(Source material)
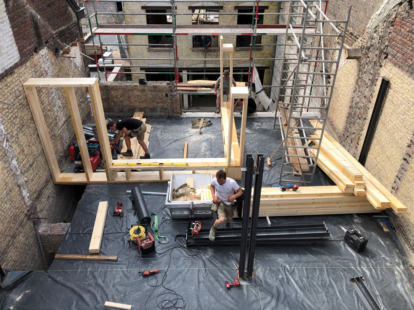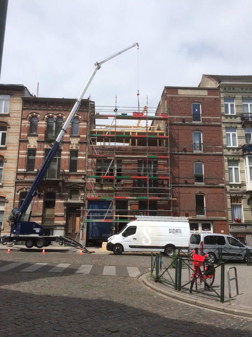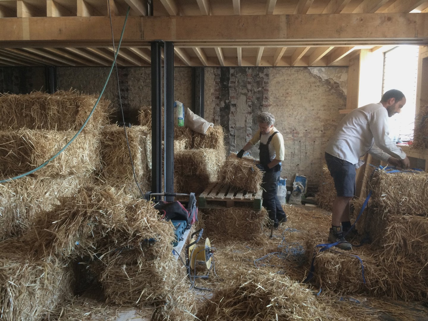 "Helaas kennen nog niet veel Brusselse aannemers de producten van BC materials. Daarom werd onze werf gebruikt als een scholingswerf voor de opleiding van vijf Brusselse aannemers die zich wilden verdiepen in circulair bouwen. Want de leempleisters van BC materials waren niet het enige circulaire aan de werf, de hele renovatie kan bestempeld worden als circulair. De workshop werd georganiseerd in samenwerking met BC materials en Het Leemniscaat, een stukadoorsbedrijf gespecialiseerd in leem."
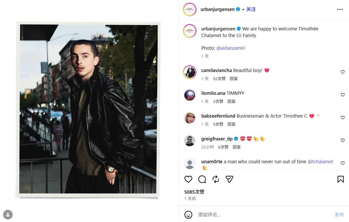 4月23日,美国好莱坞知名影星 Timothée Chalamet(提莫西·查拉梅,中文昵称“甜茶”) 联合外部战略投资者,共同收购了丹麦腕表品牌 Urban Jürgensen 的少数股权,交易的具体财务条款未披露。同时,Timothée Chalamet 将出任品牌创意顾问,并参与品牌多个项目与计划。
(End Source material)
(Source material)
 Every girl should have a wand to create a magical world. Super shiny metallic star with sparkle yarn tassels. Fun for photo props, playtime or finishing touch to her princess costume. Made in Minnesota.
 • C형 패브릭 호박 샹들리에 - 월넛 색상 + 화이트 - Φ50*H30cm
(End Source material)
* **Required action**
Retype exactly, and only, the lines above from the one where "Every girl should" occurs up to and including the one where "화이트 - Φ50*H30cm" occurs.

* **Solution**
 Every girl should have a wand to create a magical world. Super shiny metallic star with sparkle yarn tassels. Fun for photo props, playtime or finishing touch to her princess costume. Made in Minnesota.
 • C형 패브릭 호박 샹들리에 - 월넛 색상 + 화이트 - Φ50*H30cm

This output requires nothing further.